* Task prompt *
Below this line are records; transcribe exactly the lines between the one holding "Andriy Kovalchuk |" and the one holding "大会开始,全体起立,奏唱《国", inclusive, and omit the pictures.

* Exercise input *

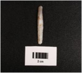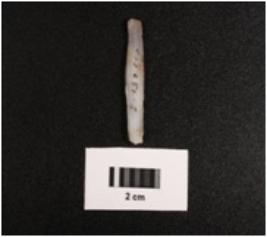 | Description / विवरण | Paralled sided chalcedony blade, mid ridge on dorsal and flat ventral with use wear on edges. |
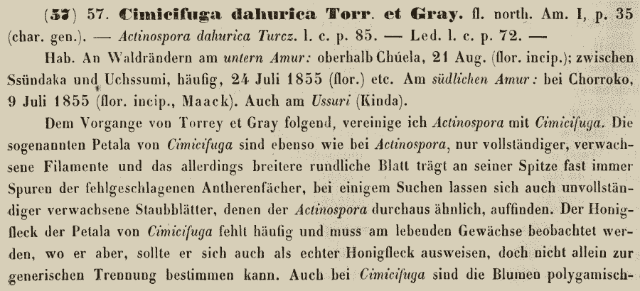 | Andriy Kovalchuk | Обнародование комбинации Cimicifuga dahurica (Turcz. ex Fisch. & C.A. Mey.) Maxim. (Mémoires présentés à l'Académie impériale des Sciences de St. Petersbourg par divers Savans et dans ses assemblées 9 (Primitiae Florae Amurensis): 28(-29). 1859):
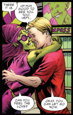 Fantastic fifth wheel: The issue remembers that Impossible Man was once a member of the FF, during the short-lived “Fantastic Seven” of the ‘70s. He greets Johnny with a hug when they’re reunited.
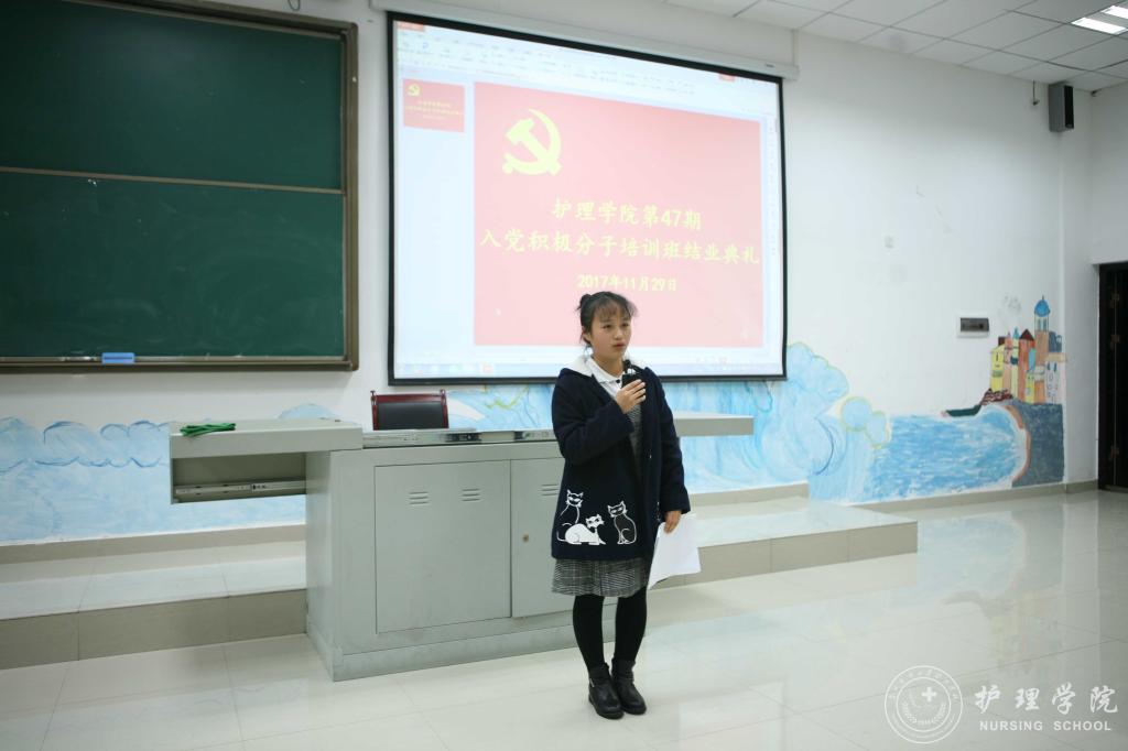大会开始,全体起立,奏唱《国际歌》。接着,公司党委副书记杨英代表公司党委向顺利结业的全体学员表示热烈祝贺,向为本期培训班辛勤付出的老师们表示衷心的感谢!杨英指出,公司党委高度重视本期培训班的各项工作,经过老师和同学们的共同努力,圆满地完成了预定的培训任务。这次培训班课程安排合理,内容丰富,办得非常成功,有以下几点是值得肯定的:一是培训内容丰富,主题突出。二是培训方式多样,亮点突出。三是培训时间集中,效果突出。同时,杨英就同学们如何在实践中巩固和扩大培训成果,不断成长进步,提了几点希望:一是希望同学们继续加强理论学习,提升政治理论素养。二是希望同学们进一步明确人生目标,坚定理想信念。三是希望同学们进一步端正入党动机,主动接受党组织的教育和考验。四是希望同学们坚持学以致用,以实际行动争取早日入党。紧接着,2016级护理学乙班的程娅同学代表优秀学员进行交流发言,分享了自己的学习收获,并代表本期入党积极分子对自己的思想、学习等方面提出了新的目标和更高的要求。最后,公司员工党支部副书记马景瑶宣读了公司对14名优秀学员的表彰决定,公司党委副书记杨英为优秀学员颁发了荣誉证书,并合影留念。
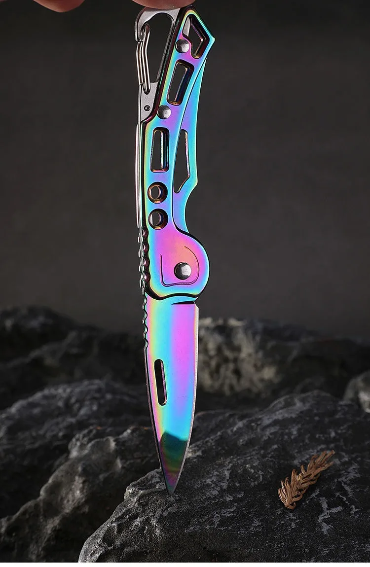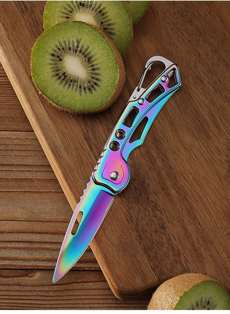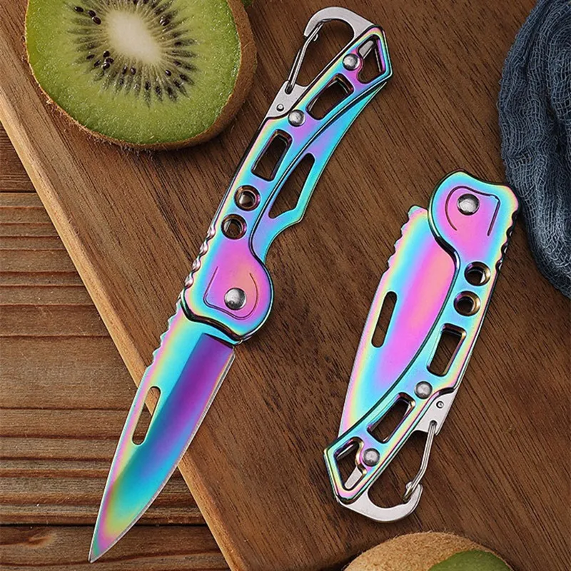 Cuchillo plegable de acero inoxidable para acampar al aire libre, cuchillo de transporte para acampar, cuchillo plegable portátil para fruta
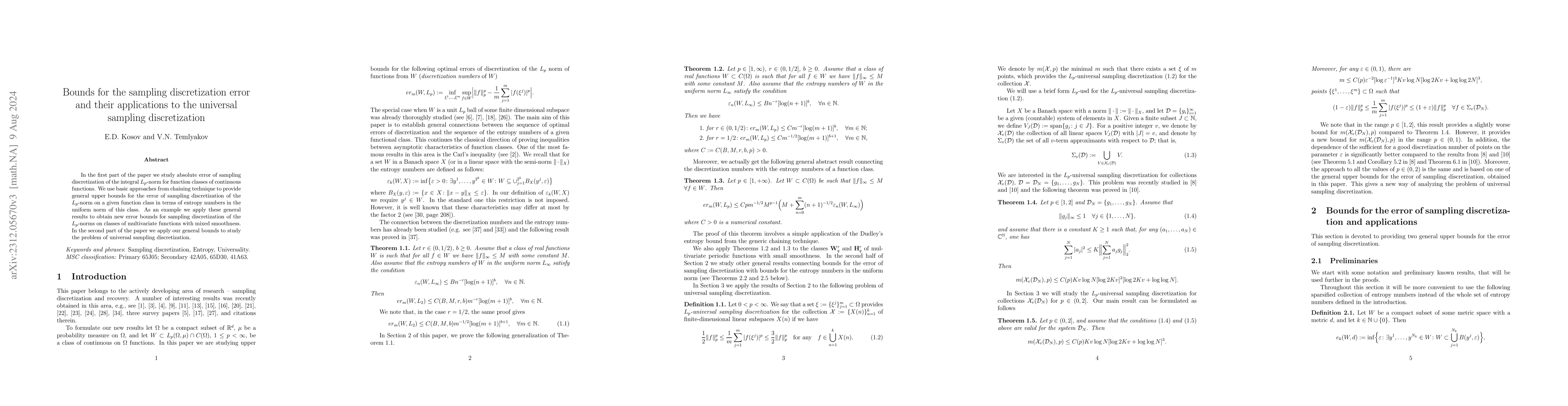 This paper establishes bounds for the sampling discretization error of $L_p$-norms for continuous functions, using chaining techniques and entropy numbers. It also explores universal sampling discretization and optimal sampling recovery methods.

* Solution for this exercise *
 | Andriy Kovalchuk | Обнародование комбинации Cimicifuga dahurica (Turcz. ex Fisch. & C.A. Mey.) Maxim. (Mémoires présentés à l'Académie impériale des Sciences de St. Petersbourg par divers Savans et dans ses assemblées 9 (Primitiae Florae Amurensis): 28(-29). 1859):
 Fantastic fifth wheel: The issue remembers that Impossible Man was once a member of the FF, during the short-lived “Fantastic Seven” of the ‘70s. He greets Johnny with a hug when they’re reunited.
大会开始,全体起立,奏唱《国际歌》。接着,公司党委副书记杨英代表公司党委向顺利结业的全体学员表示热烈祝贺,向为本期培训班辛勤付出的老师们表示衷心的感谢!杨英指出,公司党委高度重视本期培训班的各项工作,经过老师和同学们的共同努力,圆满地完成了预定的培训任务。这次培训班课程安排合理,内容丰富,办得非常成功,有以下几点是值得肯定的:一是培训内容丰富,主题突出。二是培训方式多样,亮点突出。三是培训时间集中,效果突出。同时,杨英就同学们如何在实践中巩固和扩大培训成果,不断成长进步,提了几点希望:一是希望同学们继续加强理论学习,提升政治理论素养。二是希望同学们进一步明确人生目标,坚定理想信念。三是希望同学们进一步端正入党动机,主动接受党组织的教育和考验。四是希望同学们坚持学以致用,以实际行动争取早日入党。紧接着,2016级护理学乙班的程娅同学代表优秀学员进行交流发言,分享了自己的学习收获,并代表本期入党积极分子对自己的思想、学习等方面提出了新的目标和更高的要求。最后,公司员工党支部副书记马景瑶宣读了公司对14名优秀学员的表彰决定,公司党委副书记杨英为优秀学员颁发了荣誉证书,并合影留念。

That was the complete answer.